* [Given data]
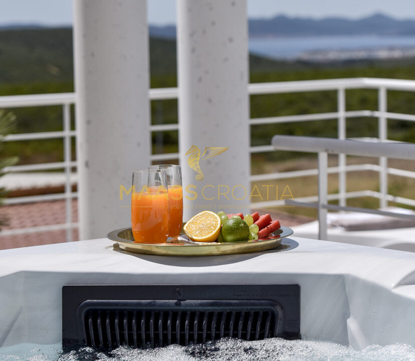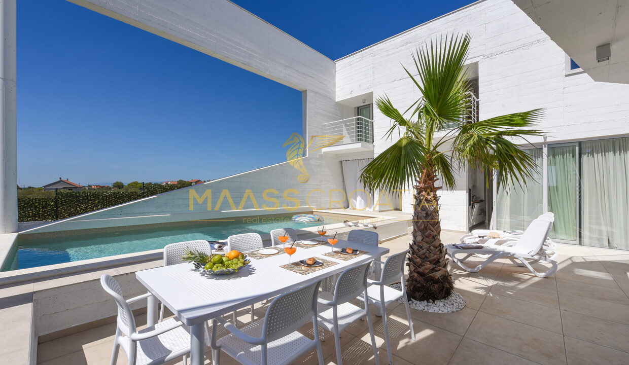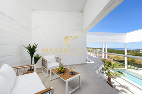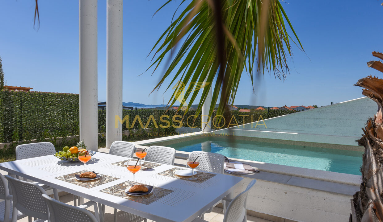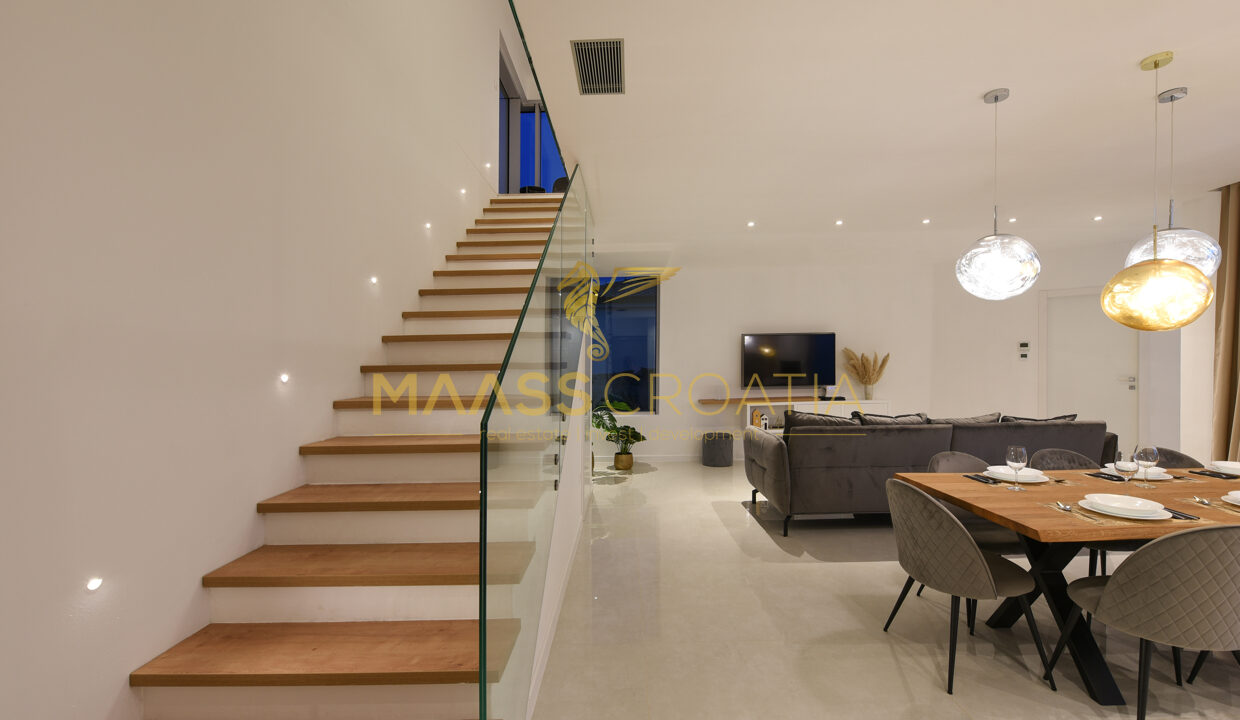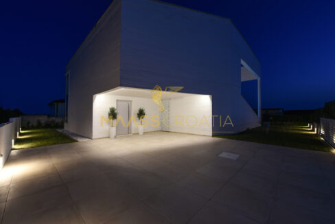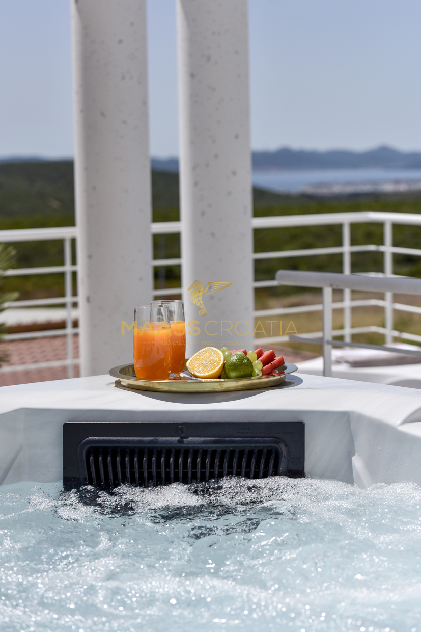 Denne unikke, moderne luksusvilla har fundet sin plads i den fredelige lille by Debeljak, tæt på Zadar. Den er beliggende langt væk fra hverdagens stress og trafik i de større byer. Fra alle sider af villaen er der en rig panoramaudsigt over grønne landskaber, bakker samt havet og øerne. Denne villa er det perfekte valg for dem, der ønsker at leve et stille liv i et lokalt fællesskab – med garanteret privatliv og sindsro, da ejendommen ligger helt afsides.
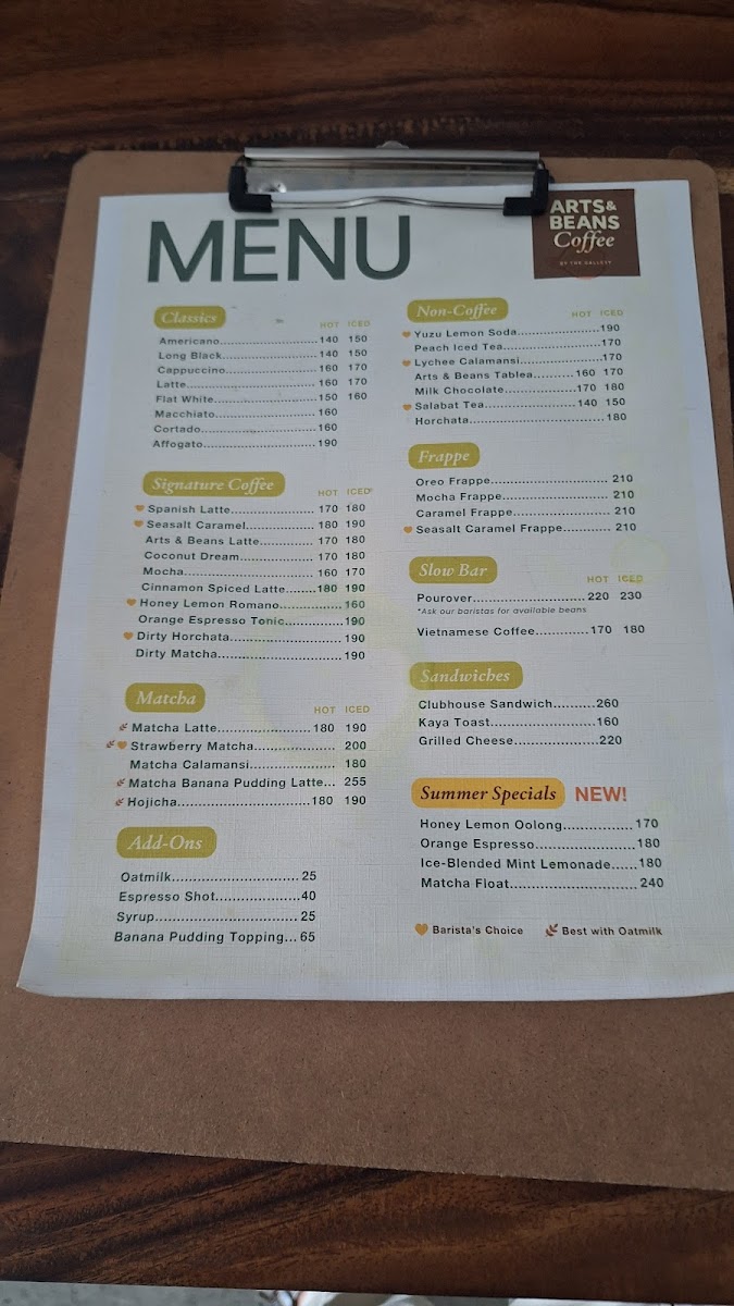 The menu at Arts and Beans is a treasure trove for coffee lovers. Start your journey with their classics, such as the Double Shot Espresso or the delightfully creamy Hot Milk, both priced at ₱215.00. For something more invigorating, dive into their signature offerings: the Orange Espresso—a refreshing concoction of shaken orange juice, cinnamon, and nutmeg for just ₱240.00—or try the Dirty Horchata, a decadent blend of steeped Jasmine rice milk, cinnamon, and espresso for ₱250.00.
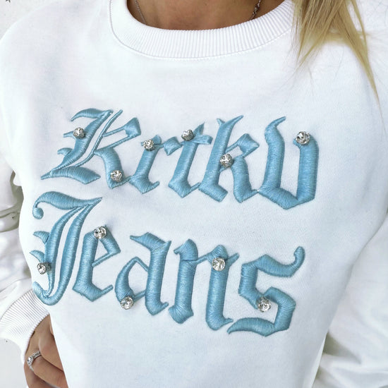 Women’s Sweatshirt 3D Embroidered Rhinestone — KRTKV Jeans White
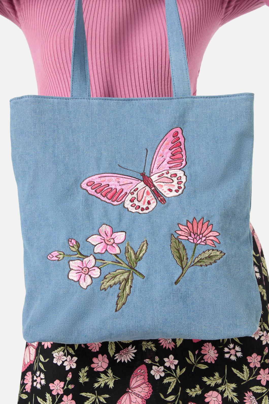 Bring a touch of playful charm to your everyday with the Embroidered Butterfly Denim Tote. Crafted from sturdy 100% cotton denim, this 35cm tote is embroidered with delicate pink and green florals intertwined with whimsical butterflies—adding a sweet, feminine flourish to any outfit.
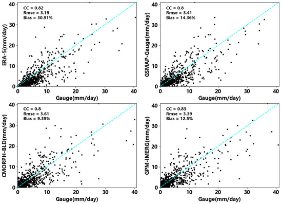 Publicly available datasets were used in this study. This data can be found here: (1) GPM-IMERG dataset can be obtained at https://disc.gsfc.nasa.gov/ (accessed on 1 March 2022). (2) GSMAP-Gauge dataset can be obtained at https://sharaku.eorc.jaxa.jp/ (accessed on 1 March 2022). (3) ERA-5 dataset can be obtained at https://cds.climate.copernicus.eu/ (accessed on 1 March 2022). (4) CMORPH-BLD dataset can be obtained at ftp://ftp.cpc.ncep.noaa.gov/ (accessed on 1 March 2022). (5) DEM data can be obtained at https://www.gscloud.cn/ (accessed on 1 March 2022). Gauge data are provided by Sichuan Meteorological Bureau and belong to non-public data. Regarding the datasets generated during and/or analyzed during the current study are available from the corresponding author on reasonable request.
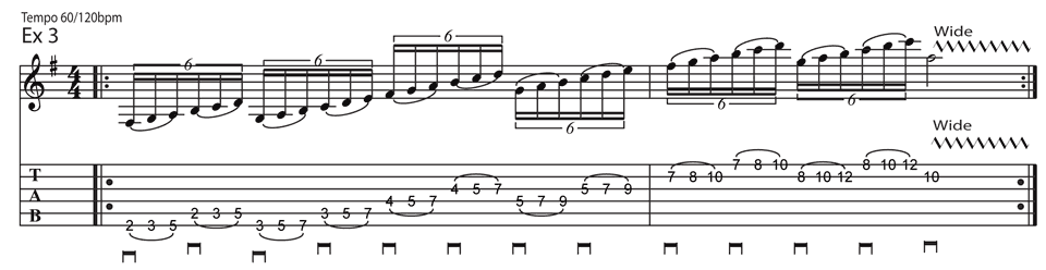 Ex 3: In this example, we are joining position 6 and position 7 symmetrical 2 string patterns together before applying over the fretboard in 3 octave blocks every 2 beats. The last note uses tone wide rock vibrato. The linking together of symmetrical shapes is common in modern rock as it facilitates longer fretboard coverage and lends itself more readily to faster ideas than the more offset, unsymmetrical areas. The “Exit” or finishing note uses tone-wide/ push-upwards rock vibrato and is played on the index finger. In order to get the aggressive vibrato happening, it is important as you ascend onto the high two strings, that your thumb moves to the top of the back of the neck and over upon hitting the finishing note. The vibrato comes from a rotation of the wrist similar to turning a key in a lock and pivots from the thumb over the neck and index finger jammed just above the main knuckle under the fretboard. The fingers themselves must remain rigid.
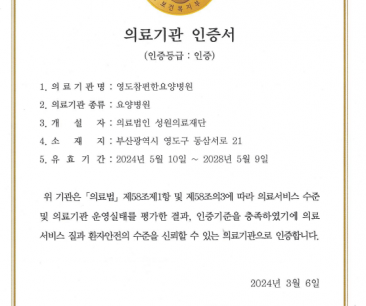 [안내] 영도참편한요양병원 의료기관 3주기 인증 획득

* [Activity]
An exact transcription is needed of the lines from the one with "Women’s Sweatshirt 3D" to the one with "Bring a touch" above, both ends included, with pictures left out.

* [Finished exercise]
 Women’s Sweatshirt 3D Embroidered Rhinestone — KRTKV Jeans White
 Bring a touch of playful charm to your everyday with the Embroidered Butterfly Denim Tote. Crafted from sturdy 100% cotton denim, this 35cm tote is embroidered with delicate pink and green florals intertwined with whimsical butterflies—adding a sweet, feminine flourish to any outfit.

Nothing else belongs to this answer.